Others expressed a desire to stay in the TVET sector and be lecturers if it could be turned into an attractive, noble profession that it once was, with improved monetary benefits and better conditions of service.
Sipho: College council appointments are associated with ‘worse pay’ and poorer conditions of service. We are in a sector in which conditions of service are worse and full time jobs are shrinking. This needs to change if they want us to stay.
Some of the lecturers, for example Thulani, who teaches Mathematics, enjoy teaching on the campus where he works:
Ja, when I am in class it is nice to work with students. There are new challenges all the time especially when you teach Maths like I do. This is one of the subjects that give students a problem. But I enjoy teaching it. I like helping students.
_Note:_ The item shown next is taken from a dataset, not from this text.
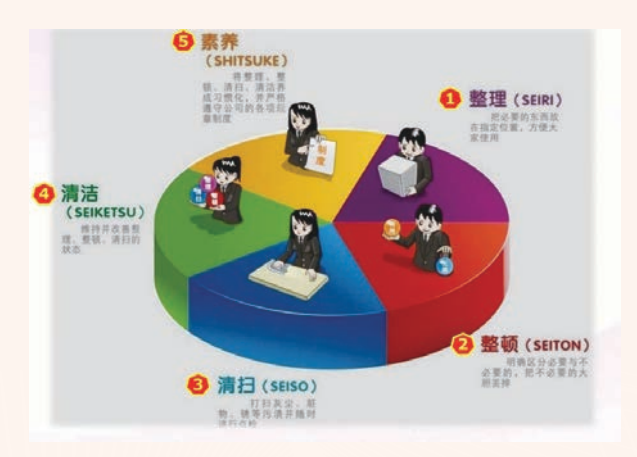
5S environmental management concept

We comprehensively promote the 5S (Seiri, Seiton, Seiso, Seiketsu, Shitsuke) environmental management concept and have initially formed a 5S governance plan. We will popularize relevant provisions in laws and regulations such as the Environmental Protection Law (《環境保護法》) and the Energy Conservation Law (《節約能源法》) to employees in an easy to understand form, strengthen their awareness of environmental protection and resource conservation, and promote everyone's participation in green office practices.
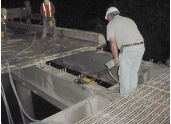
Figure 8: Background – Jackhammering around shear studs to loosen old deck Foreground – Sawing off steel shear studs after old concrete deck removed.

The situation with non-engineering participants is not different. Although they are not artisans, they have for years worked in very informal, non-classroom focused technical environments. Some of them have been teaching subjects like Mathematics, while others have provided training in Primary Agriculture, with the aim of producing subsistence farmers. One of the lecturers explains that she started to feel she was becoming a teacher when she was asked to teach English:
Zime: Before the NCV was introduced we were specialists, teaching core subjects in the NATED programs. Now we have been turned into language teachers. You find yourself teaching English. I am a Science and Mathematics person. We people are very non-linguistic. But you find yourself being instructed to teach a language. It is teachers in schools who teach languages. You can’t refuse because you may lose your job.
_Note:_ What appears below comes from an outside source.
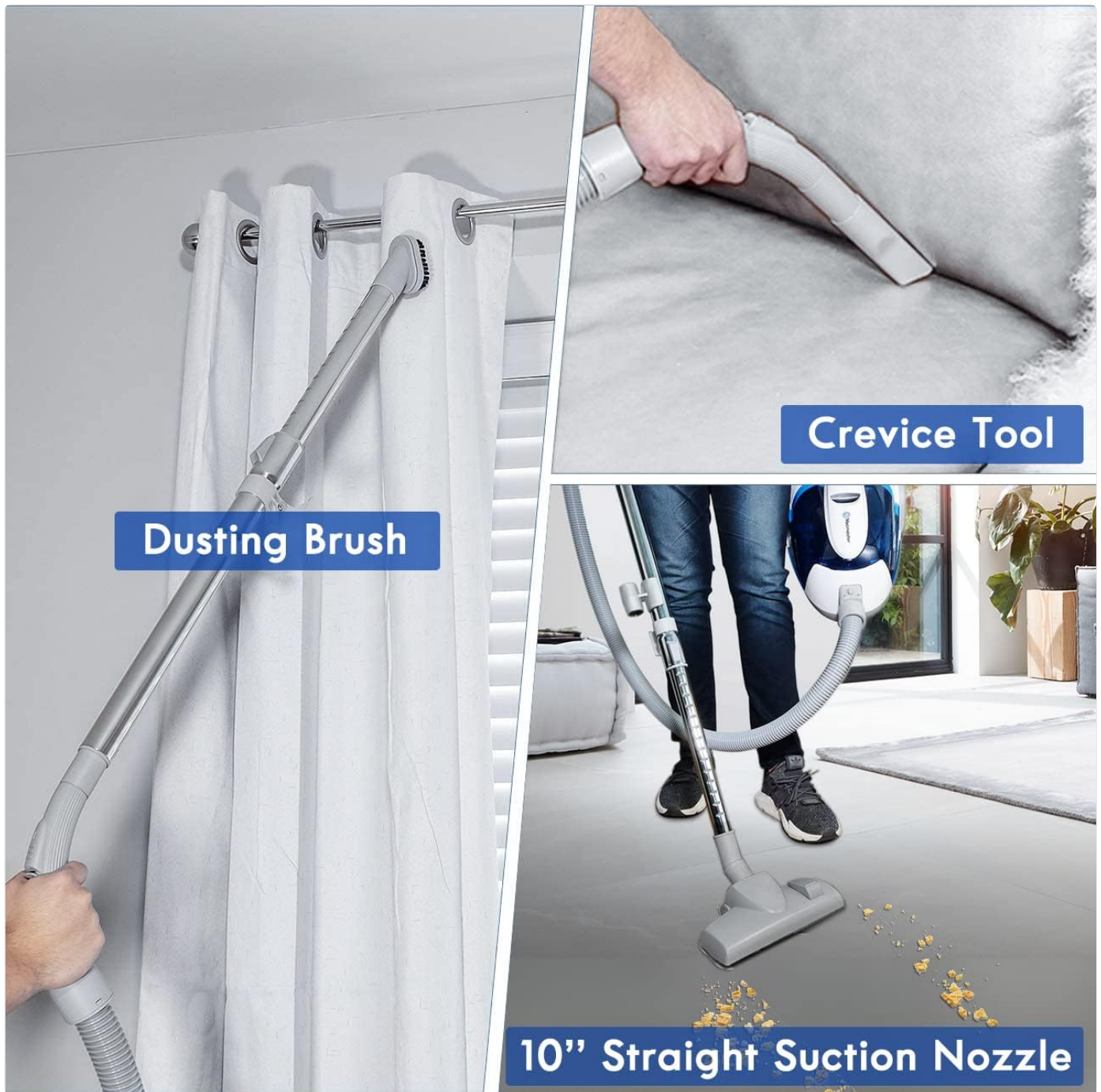
Image: Demonstrates the effective use of the dusting brush for curtains, the crevice tool for tight spaces, and the 10-inch straight suction nozzle for general floor cleaning.

Evidently, there are lecturers, who do not want to be, and are not happy to be, teachers but will keep on working because it is the only available opportunity to earn a salary.
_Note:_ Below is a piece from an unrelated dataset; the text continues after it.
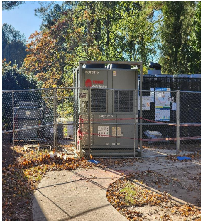
Preparation to replace the existing Chiller

The qualification picture painted here may not be representative of all staff in the two TVET colleges, as it was not used as one of the criteria for selecting participants. The sentiments expressed by the lecturer above is indicative of the temporary nature of college employment, due to dissatisfaction, the human capital possessed and its potential transferability, lack of identity as a college teacher and how some of the lecturers in the
TVET college sector use the institutions as a ‘waiting station’ or jump-off point for better opportunities that might come their way.
Although there are draw-backs like these, the presence of enabling factors is noted. One of the lecturers talks about collaborative efforts amongst staff in which the knowledgeable ones give advice or lend a hand. Susan acknowledges this:
Ehm, luckily I had a very good mentor that helped me, saying no, no, no don’t do this do this, alright, that’s how you handle, and from that experience I’m helping some of the lecturers here also to say no, no, do this and don’t do this. But the National Professional Diploma in Education (NPDE) gave me a more philosophic point of view and I am able to help others better.
Although the sharing of information and knowledge occurs informally during tea breaks and staff meetings, the presence of collaborative efforts on some of the campuses contributes towards professional development and may be central to the enhancement of work environments.